Sartre confesó su pasión por comprender a los hombres. La Beauvoir, más desbordada, auscultaba las manifestaciones de la opresión hasta que, a través del feminismo, ordenó ciertos postulados sociales y características de sí misma que en cierta medida la independizaban del pensamiento sartreano. Al definir una teoría del rechazo a "subordinar los problemas femeninos a otros problemas tales como la lucha de clases y la voluntad mayor, un problema mayor que no debía ser subordinado a los otros", consolidó principios que sobre la libertad, la igualdad y la fraternidad había apuntado desde sus primeros escritos.
Mujer apasionada, singular y abrumadora. Su prosa refleja la velocidad atropellada de respuestas orales. La síntesis no fue, por cierto, una de sus virtudes. Su estilo representa uno de l.s actos de mayor fidelidad a sí misma: Ondulante entre el acierto y la abundancia verbal. De treguas esporádicas y pasajes tormentosos. Sentencias oportunas y largas exploraciones, hasta toparse con el hecho decisivo del cual pudiera reiniciar el ciclo de inquirirse a sí misma, ahondar en la angustia y criticar, a fondo y sin reservas, la conducta burguesa.
Nació en París, el 9 de enero de 1908, en una familia católica y sensible al valor de la cultura. Seguramente en su infancia escuchó noticias de las sufragistas inglesas y, común a su generación, creció marcada por las guerras. Especuló sin pudor, batalló con las palabras, alardeó, se lamentó por la atroz realidad femenina y jamás sucumbió frente a la tentación de la indolencia o del miedo a envejecer, que tan agudamente desentrañó en La Vejez (1970), obra maestra que desenmascara la cruel marginación del anciano que gasta sus años sorteando amenazas de soledad y miseria. "La desdicha de los ancianos es un signo de fracaso de la civilización contemporánea".

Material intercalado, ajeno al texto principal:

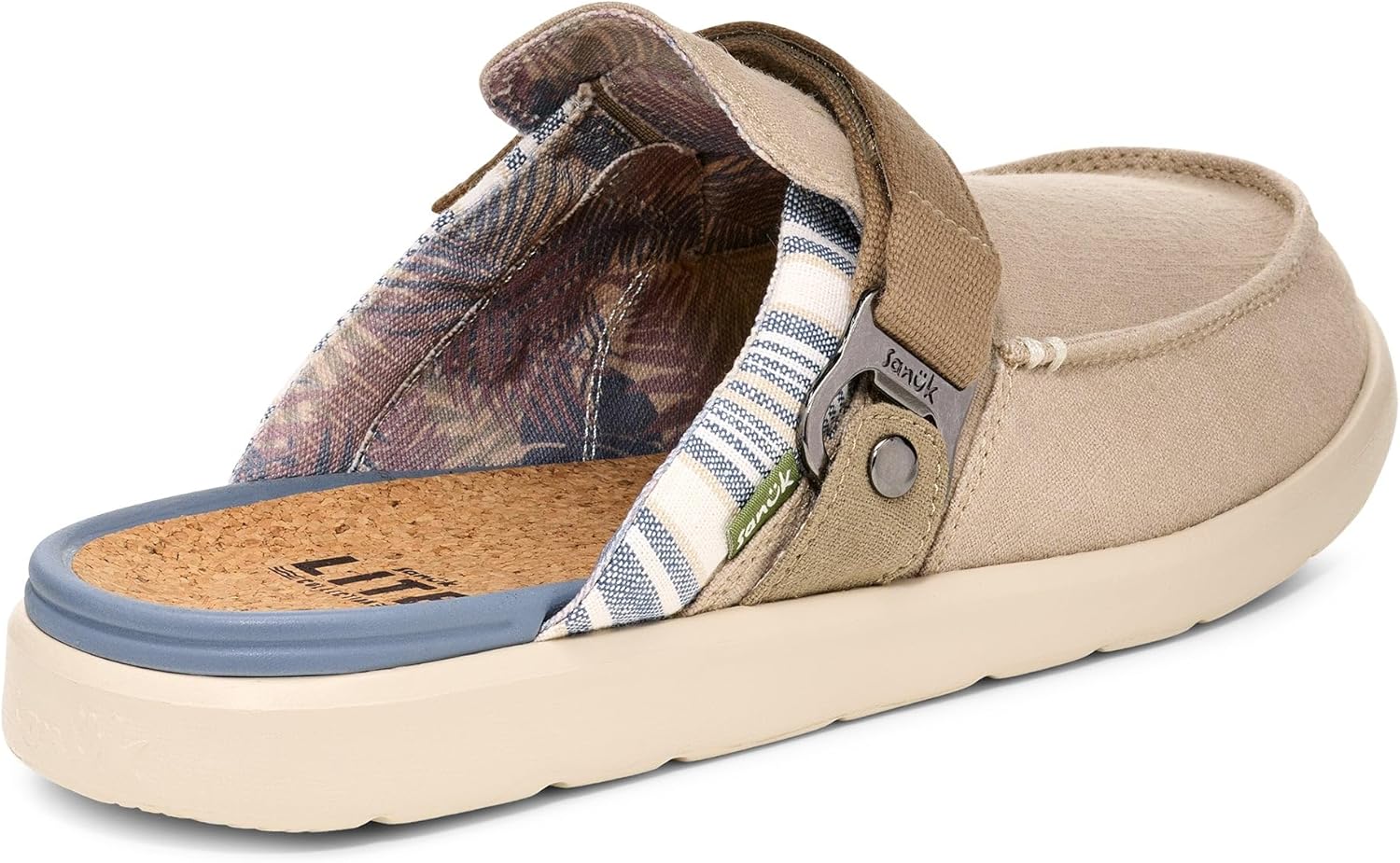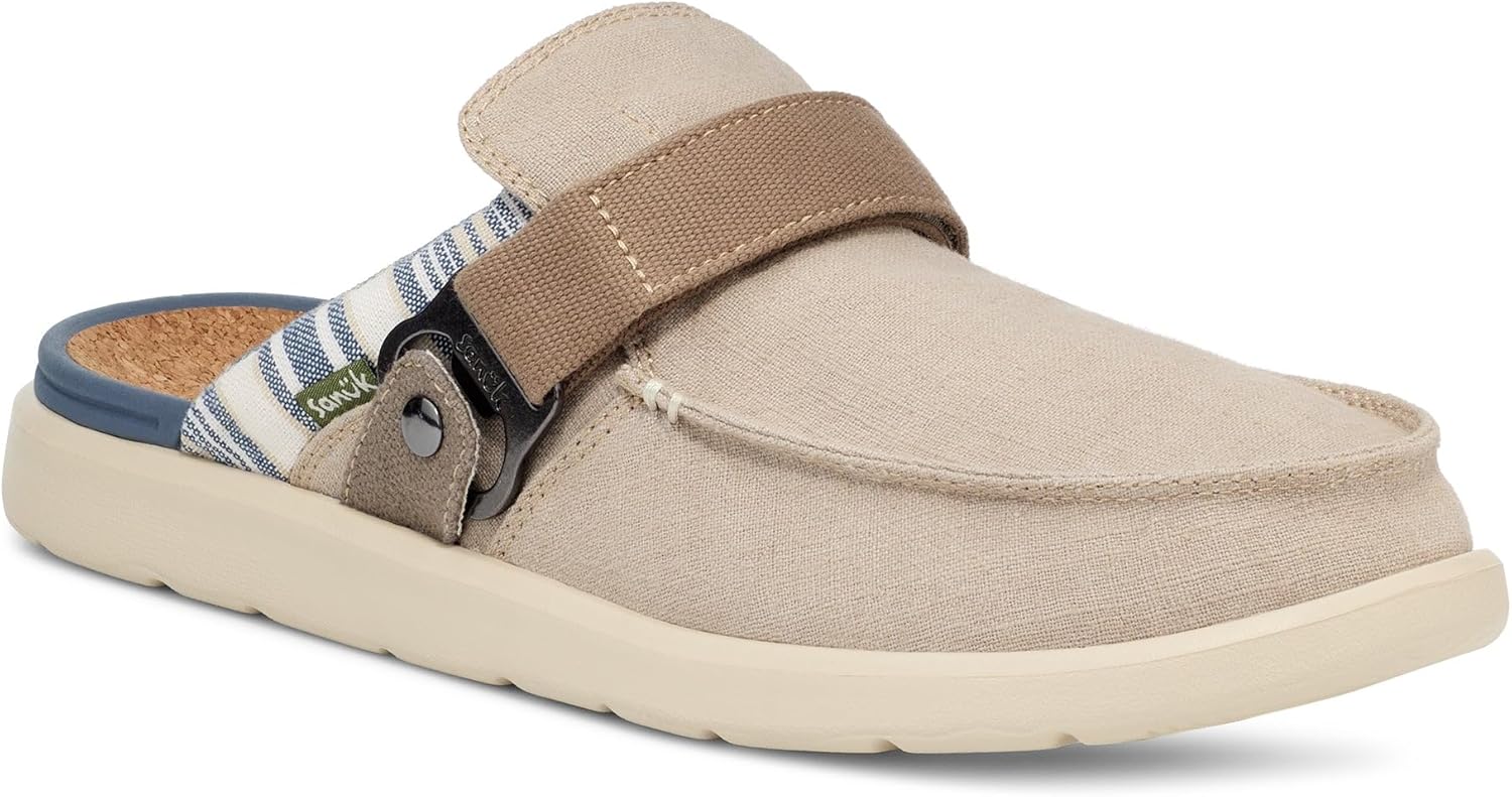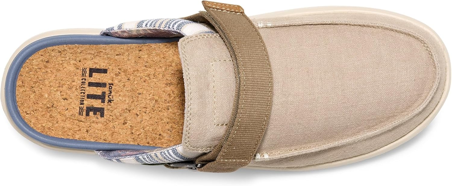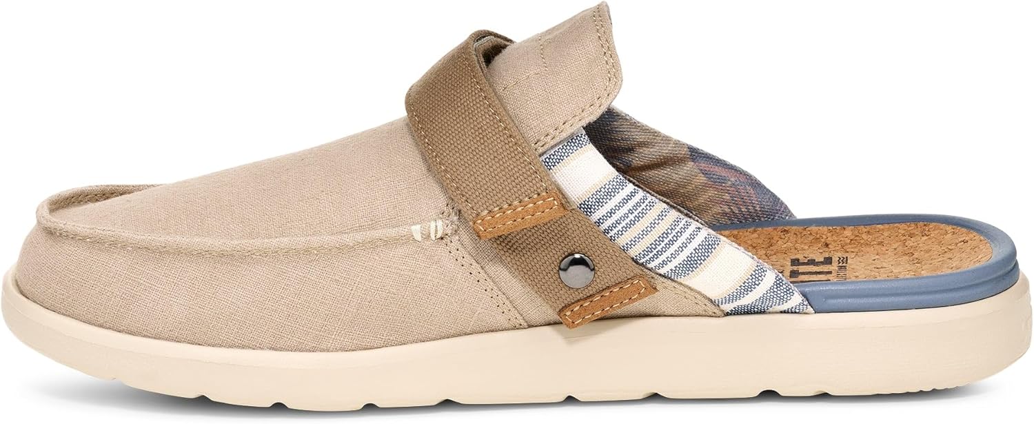 A relaxed fit mule upper made from a soft linen and topically applied with a water repellency treatment. Adjustable cotton webbing closure strap featuring a removable custom bottle opener. All cotton used is responsibly sourced.

Y no se equivocó. Por eso prefirió ocultarse desde la desaparición del compañero hasta su propia muerte, el 14 de abril de 1986, a los 78 años de edad. Consecuente, digna y valiente, Simone de Beauvoir permanecerá en la memoria de quienes creemos, no obstante evidencias contrarias, que son posibles la igualdad, la fraternidad y la libertad entre hombres y mujeres.